62nd Indian Infantry Brigade (Brigadier James Ronald Morris)
- 2nd Battalion, Welch Regiment
- 3rd Battalion, 6th Rajputana Rifles
- 4th Battalion, 6th Gurkha Rifles
64th Indian Infantry Brigade (Brigadier John Godfrey Flewett)
- 2nd Battalion, Worcestershire Regiment
- 5th Battalion, 10th Baluch Regiment
- 1st Battalion, 6th Gurkha Rifles
98th Indian Infantry Brigade (Brigadier Charles Ian Jerrard)
- 2nd Battalion, Royal Berkshire Regiment
- 8th Battalion, 12th Frontier Force Regiment
- 4th Battalion, 4th Gurkha Rifles
Divisional Troops
- 7th Light Cavalry (attached) Stuart Tanks
- 1st Battalion, Assam Regiment (attached)
- 1st Battalion, 15th Punjab Regiment (Divisional reconnaissance regiment)
- MG Battalion, 11th Sikh Regiment (Divisional Machine Gun Battalion)

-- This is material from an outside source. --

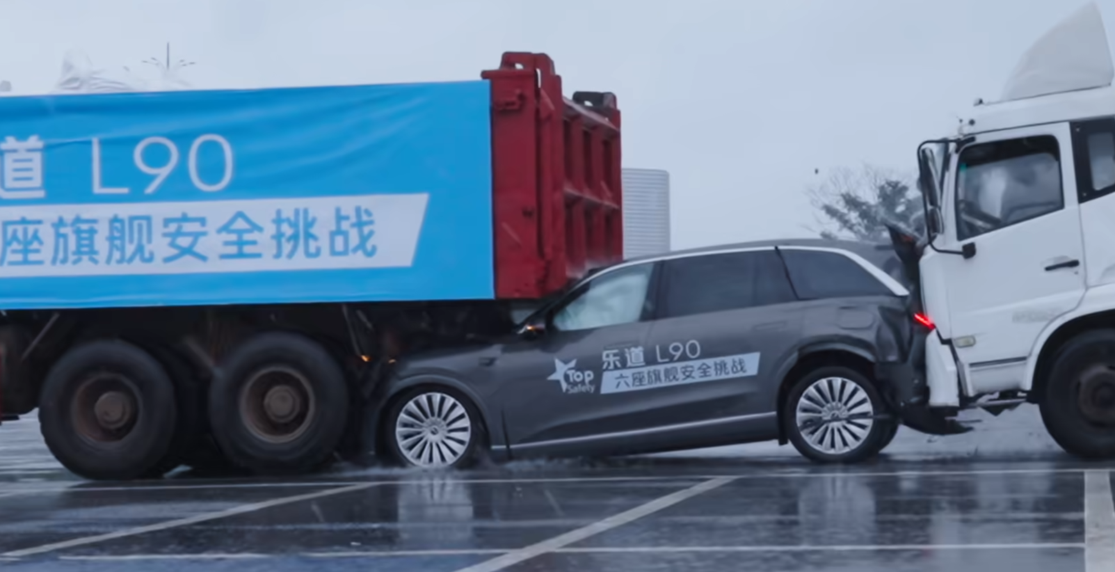 理想i8这种短车头有安全隐患 在国内开车,高速上大货车很多 一个非常典型的案例就是追尾大货车,这有很多例子了 而理想i8这种短车头前部预留的溃缩空间很短,同时又非常容易钻入货车尾下,对第一排乘客和司机的生命威胁巨大。 你想想这个车如果来个“38吨50公里雨夜前后夹击”,尖而短的前鼻钻入前车尾梁 下,那是真的所有冲击力都要由那一对A柱去承受了。 要是A柱输了一切都没有意义了 而乐道L90这种传统造型,首先是溃缩区更长,另外车头可以顶到货车的后轮,承担很大一部分冲击力 因此我强烈建议理想做一个和乐道L90一模一样的大货车前后夹击的安全测试

- 134th Medium Regiment, Royal Artillery
- 4th Field Regiment, Royal Indian Artillery
- 5th Field Regiment, Indian Artillery
- 115th (North Midland) Field Regiment, Royal Artillery
- 20th Mountain Regiment, Indian Artillery
- 33rd Anti-tank Regiment, Royal Artillery (mixed anti-tank and light anti-aircraft batteries)
- Queen Victoria's Own Madras Sappers & Miners, Indian Engineers
- 64th Field Company, Indian Engineers
- 65th Field Company, Indian Engineers
- 327th Field Park Company, Indian Engineers
- Royal Bombay Sappers and Miners, Indian Engineers
- 29th Field Company, Indian Engineers
- 9th Bridging Platoon, Indian Engineers

==Postwar==
Just before the Indian/Pakistani war of 1965 began, 19th Infantry Division was at Baramula under XV Corps (India). Its brigades were the 104th Brigade, Tithwal, the 161st Brigade, Uri and the 268th Indian Infantry Brigade, Baramula.